Thermal Stability of Encapsulated Listeria Bacteriophage and Its Efficacy Against Listeria monocytogenes in Ready-To-Eat Meats

Abstract

This research explored the potential application of encapsulated lytic Listeria phages as an additive in ready-to-eat meats prior to cooking to control L. monocytogenes. The objectives of this research were to: (a) evaluate the thermal stability of Listeria phage; (b) encapsulate Listeria phage to increase its thermal stability during thermal treatment; (c) investigate methods to apply phages in cooked meat product to control L. monocytogenes. The thermal stability of Listeria phages P100 and A511 at temperatures simulating typical preparation of RTE meats was evaluated. Substantial differences were found in thermal stability of the phages, with A511 showed a higher thermal stability than P100. However, P100 exhibited a greater ability to reconstitute during the cooling stage after the thermal treatment (80 °C) compared to A511. Heat treatment was accompanied by morphological changes to phage particles as revealed by transmission electron microscopy. Next, the bacteriophage was encapsulated in food-grade biopolymer matrices and their thermal stability evaluated. Through response surface analysis, the optimal polymer concentrations for achieving maximal thermal stability at 71 °C(30 s) was determined to be 2.91% (w/w) sodium alginate, 1.28% (w/w) gum Arabic, and 1.13% (w/w) gelatin. Encapsulating the phage with this formulation significantly (P<0.05) improved thermal stability of A511, showing the potential of this matrix to be used for protecting the phage during thermal processing.
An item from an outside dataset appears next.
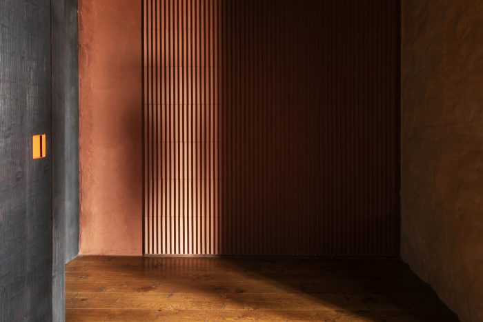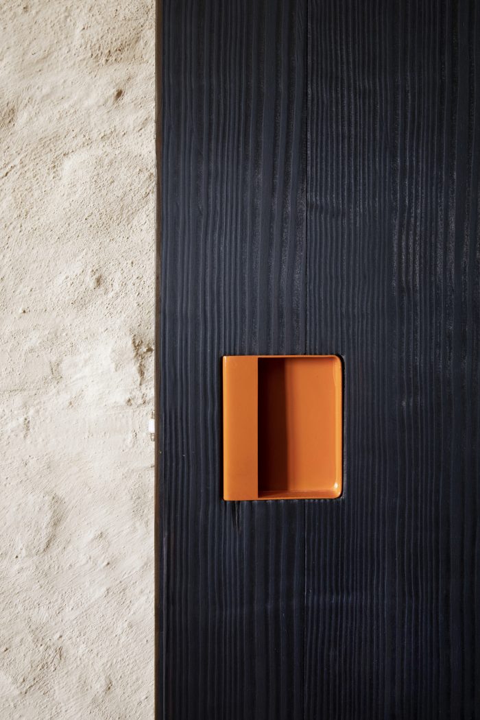 A pitch-pine boiserie(minium-colored and burnt) crosses the spaces from the lowered entrance down the living and slides along to constitute a side of the bedroom. Inside it, we find the guest toilet, the laundry room, and the bedroom wardrobes. The surface is uninterrupted and the otherwise indiscernible openings are marked only by some read-lead handles of our own design.

The efficacy of A511 bacteriophage added to cooked meat slurries was examined during refrigerated storage. Cooked meat slurries with phage A511 and L. monocytogenes inside or on the surface of the slurries were prepared. Phage A511 dispersed inside the meat together with L. monocytogenes did not significantly (P>0.05) affected pathogen counts. Conversely, applying the phages on the surface inactivated surface-inoculated L. monocytogenes. Overall, this study shows that significant (P<0.05) differences in thermal stability exist between P100 and A511 Listeria phages. Encapsulation of phages can significantly (P<0.05) enhance their thermal stability. Adding the bacteriophage as an additive into RTE meat products is not effective in inhibiting the growth of L. monocytogenes cells present within the meat matrices. However, phages applied to the surface are potent against the pathogens present on the surface of the product.